Various group I introns have evolved to associate with other parasitic elements. Twintrons (30), where two distinct group I introns are associated with each other, and IStrons (77, 107), where a group I intron and an insertion sequence (IS) are seen together, are two such cases. Rarely, spliceosomal introns are also found within group I introns (48). As seen below, group I introns also associate with endonucleases.
Similar to ribozymes, another iconoclastic discovery was that of inteins (internal proteins). These elements are transcribed and translated together with the host protein but self-excise, leaving the flanking sequences (exteins) spliced together. The first intein was discovered in yeast vacuolar ATPases in 1990 (56). Since then, hundreds of inteins have been discovered in Bacteria, Archaea, and Eukarya. An intein database, InBase, has been established to provide information on all known inteins (87). In bacteria, inteins are found inserted in a variety of conserved proteins, including DNA polymerase, helicase, gyrase, recombinase A, and ribonucleotide reductase, whereas in bacteriophages, inteins have been found in DNA polymerase and ribonucleotide reductase (87). The ratio of intein size to host protein size varies widely, with some inteins being four times as large as the host protein and others only one-tenth the size of the host protein (87).
Inteins have a modular organization consisting of three functional domains: N- and C-terminal splicing domains and an optional endonuclease domain (Fig. (Fig.2A)2A) (90). The N-terminal domain is comprised of four motifs, A, B, N2, and N4. The C-terminal domain contains two motifs, F and G. The central endonuclease domain consists of four motifs, C, D, E, and H. The N- and C-terminal motifs are involved in protein splicing and are conserved in most inteins, whereas motifs C, D, E, and H are absent in a number of inteins (referred to as mini-inteins). The first and last amino acids of the intein and the first amino acid of the C-terminal extein are involved in the splicing reaction (39). The first amino acid (motif A) in all inteins is Cys or Ser; the terminal amino acid is a conserved Asn, and the first amino acid that follows the intein is Cys, Ser, or Thr. Intein splicing involves four successive nucleophilic displacements (Fig. (Fig.2B)2B) (87). The first step is an N-O/S acyl shift, where the OH or SH side chain of the amino-terminal Ser or Cys attacks the carbonyl carbon of the preceding amino acid to generate an ester/thioester intermediate linking the N-terminal extein to the side chain of the first intein amino acid, thereby breaking the peptide bond between N-extein and the intein. The second step is a transesterification, where the OH or SH side chain of the first C-extein amino acid attacks the N-terminal ester/thioester bond formed in step 1. This results in the transfer of the N-extein to the side chain of the first C-extein amino acid, forming a branched intermediate. In the third step, the peptide bond between the intein and C-extein is broken by cyclization of the conserved C-terminal Asn to form a succinimide, resulting in intein excision. The N-extein is now attached via an ester bond to the side chain of the first C-extein amino acid. In the final step, the ester bond rapidly undergoes an acyl rearrangement to the thermodynamically more stable, normal peptide bond. In most inteins, the amino acid preceding the terminal Asn is an His, which is thought to assist in Asn cyclization. Some or all of the remaining residues are also important for proper intein folding to generate the active site (21). Some noncanonical inteins with variations in structure and splicing chemistries have been identified (3, 42, 88).

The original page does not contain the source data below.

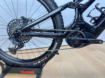 Specialized Turbo Levo Comp Alloy del 2022 usata garantita ma completamente revisionata dalla nostra officina prima di essere fotografata con sostituzione filo e guaina cambio, catena e manopole nuove, sospensioni revisionate circa 6 mesi fa. La bici ha percorso 12300 km e 157 cicli di ricarica possono sembrare tanti ma nonostante i chilometri percorsi ha il 100% di salute della batteria, e tutto è perfettamente funzionante. Le condizioni estetiche della bici sono buone può presentare dei segni di normale utilizzo ma solo superficiali. Taglia S3 che corrisponde alla taglia M adatta per altezze da 170 a 176 cm.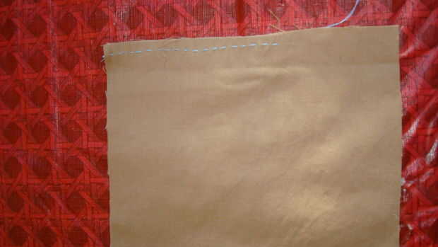 Prender esta tira la bolsa en la parte superior y coser a la bolsa como se muestra en la imagen. Asegúrese de que la costura está clavada en el centro de la espalda de la bolsa.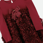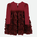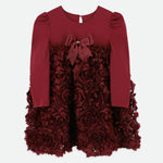 Splendido abito bordeaux con fiori 3D per bambina. Questo abito per occasioni speciali è perfetto per feste e celebrazioni. Presenta maniche lunghe in jersey e un morbido corpetto elasticizzato per un comfort che dura tutto il giorno, mentre la gonna è ricoperta da strati di splendide applicazioni floreali 3D per un look scenografico e strutturato. Completamente foderato in morbido cotone per una sensazione di morbidezza sulla pelle. Rifinito con un grande fiocco in grosgrain sul davanti, chiusura sul retro con bottoni dorati con logo.
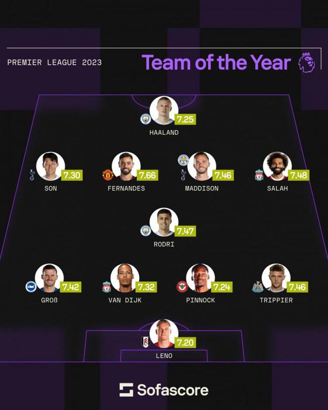24直播网12月30日讯 Sofascore根据球员评分列出了2023年英超最佳阵容,B费当选最佳球员 哈兰德、孙兴慜入选。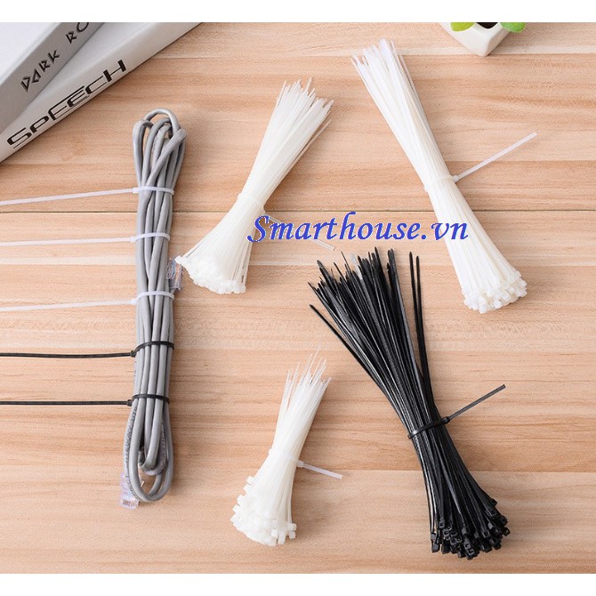 * Set 100 dây thít bằng nylon đầu khóa zip nhanh màu trắng/đen tiện dụng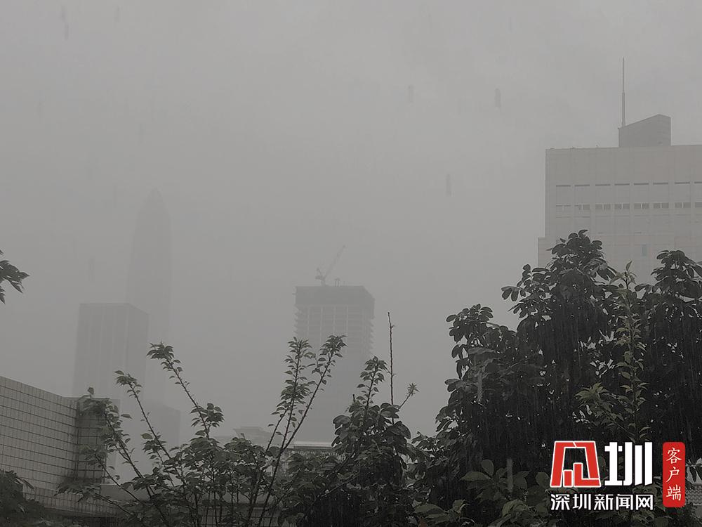 25日上午11時許,伴隨著雷聲,深圳市福田區開始下雨。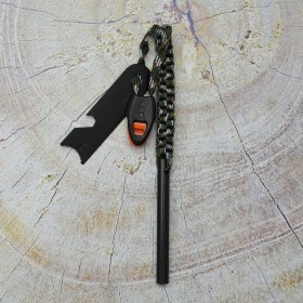 Стержень огнива выполнен из ферроцерия (сплав не менее чем из 7 редкоземельных металлов), в паре с кресалом из нержавеющей стали, обеспечивающее высечение искр, паракордом и свистком.

In some cases, an intein and its host protein (e.g., DnaE) are split into two separate fragments (32, 115). The N and C termini of DnaE, containing the N and C termini of the intein, respectively, are encoded on two separate genes, dnaE-n and dnaE-c, located on different parts of the genome. Functional DnaE protein is recreated from the two fragments by the trans-splicing activity of the split intein (76). Split inteins have also been found in other enzymes, like ribonucleotide reductase, DNA ligase, gp41, and IMP dehydrogenase (23).

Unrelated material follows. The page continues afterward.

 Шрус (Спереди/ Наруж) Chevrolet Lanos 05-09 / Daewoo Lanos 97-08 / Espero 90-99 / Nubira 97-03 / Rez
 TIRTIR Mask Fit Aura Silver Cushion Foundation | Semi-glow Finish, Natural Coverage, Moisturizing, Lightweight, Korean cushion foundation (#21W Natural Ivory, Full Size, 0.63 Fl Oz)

One of the most successful parasitic genetic elements is the HE. HEs are simple and elegant parasitic elements; a single gene encodes a single protein, and they are inherited in a dominant, non-Mendelian manner (12). HEs are small (<40-kDa) proteins that recognize and cleave long DNA target sequences (usually 14 to 40 bp) which typically occur only once per host genome, thus minimizing any potential negative impact on the host (80). Based on conserved sequence motifs, HEs can be classified into several families (36, 62) that have evolved in parallel to achieve the optimal balance of size, target sequence specificity, and attenuated fidelity to allow for maximum success (97, 120). The LAGLIDADG family has one or two conserved motifs, called the dodecapeptide motifs, with a consensus LAGLIDADG sequence (22), and most HEs found to date belong to this family. The ββα-Me family contains two subfamilies. The His-Cys box subfamily contains an ~30-amino-acid region with two His and three Cys residues (54), whereas the H-N-H subfamily contains an ~30-amino-acid region with conserved His and Asn residues (102). The GIY-YIG family contains conserved GIY and YIG tripeptides flanking an ~10-amino-acid segment (60). Some HEs utilize catalytic domains acquired from other proteins (or vice versa). An HE that utilizes the PD(D/E)XK motif commonly employed by restriction endonucleases (120), another which uses a domain similar to that of DNA resolvases (119), and a novel HE related to very-short-patch repair endonucleases (23) were recently described. Interestingly, an H-N-H endonuclease makes up the cytotoxic domain of colicin E9, a group A colicin that kills bacteria by nonspecific degradation of chromosomal DNA (81). In theory, any endonuclease that can cause a double-strand break and initiate recombination through flanking-sequence similarity can function as an HE. In fact, the restriction enzyme EcoRI was experimentally made to stimulate intron homing (27).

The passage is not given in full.